Policy brief

The European Union’s post-Brexit reckoning with financial markets

In the negotiations between the European Union and the United Kingdom over their future relationship, we see a high probability of a weak contractual

Publishing date
13 May 2020

In the negotiations between the European Union and the United Kingdom over their future relationship, we see a high probability of a weak contractual outcome, given the dominance of politics over considerations of market efficiency. The EU will thus face a great deal of readjustment and regulatory realignment of its market for financial and other services.

The future relationship will start out with closely aligned regulations which will allow equivalence, and therefore seamless transactions, to continue in many sectors for a number of years. As regulatory autonomy has been one of the main Brexit rationales, we expect divergence to increase after a couple of years. The UK will become a third country for financial service transactions, dependent on temporary equivalence rulings, whereas in the past it could do business under a comprehensive regulatory passport.

London will remain a global financial hub, even as EU companies move operations out of the UK, set up additional licences and distribute activities across the EU. This will result in duplication and thus higher costs in both the UK and the EU as market participants strive to adjust to a future structure that will remain highly uncertain for years to come.

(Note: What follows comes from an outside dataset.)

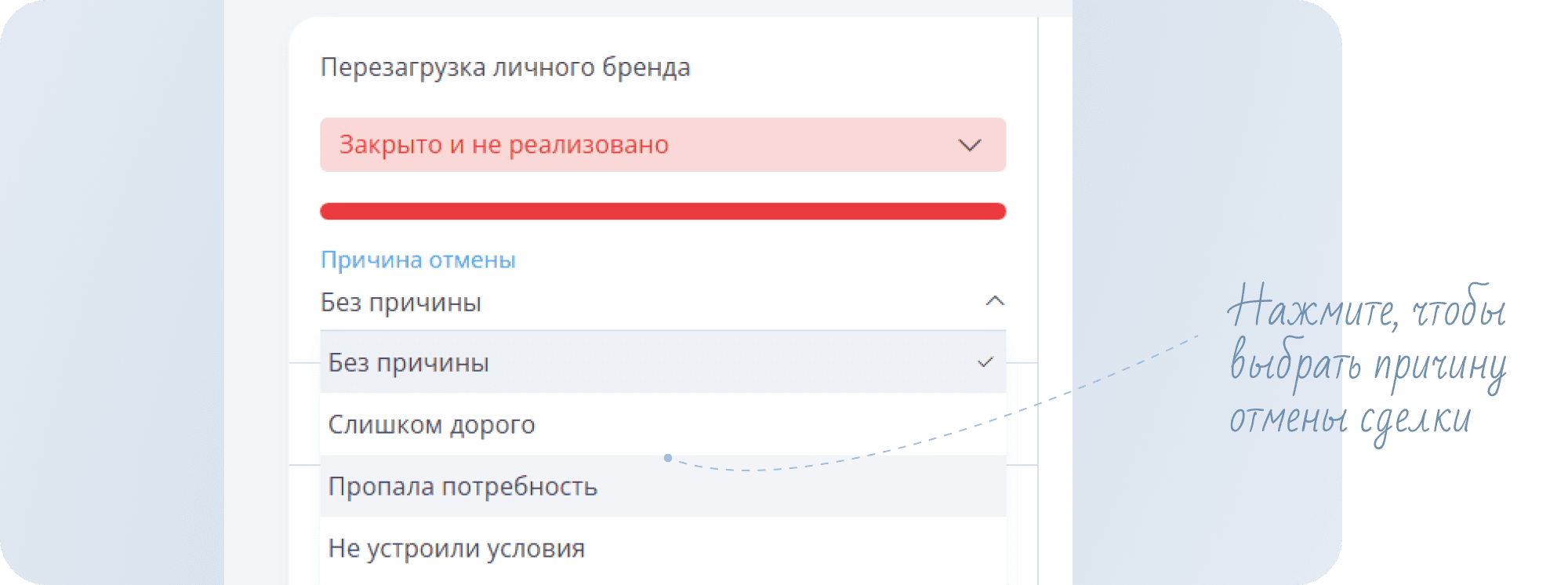 Подробнее о том, как открыть карточку сделки, написано здесь.

In the EU-UK negotiations on financial services, the aims should be to seek an agreement to provide stability for a defined, though limited, time period; a plan for how to manage divergences and the regulatory barriers that may result; and an EU reckoning with what kind of financial market it wants. This would ensure a stable transition to what we assume will be a structurally very different link than existed when the UK was part of the EU.

The UK has historically been both a business centre and policy leader in the financial sector. In its absence, the EU will need to decide how prominent a role finance should play and where regulatory and supervisory responsibilities should be located.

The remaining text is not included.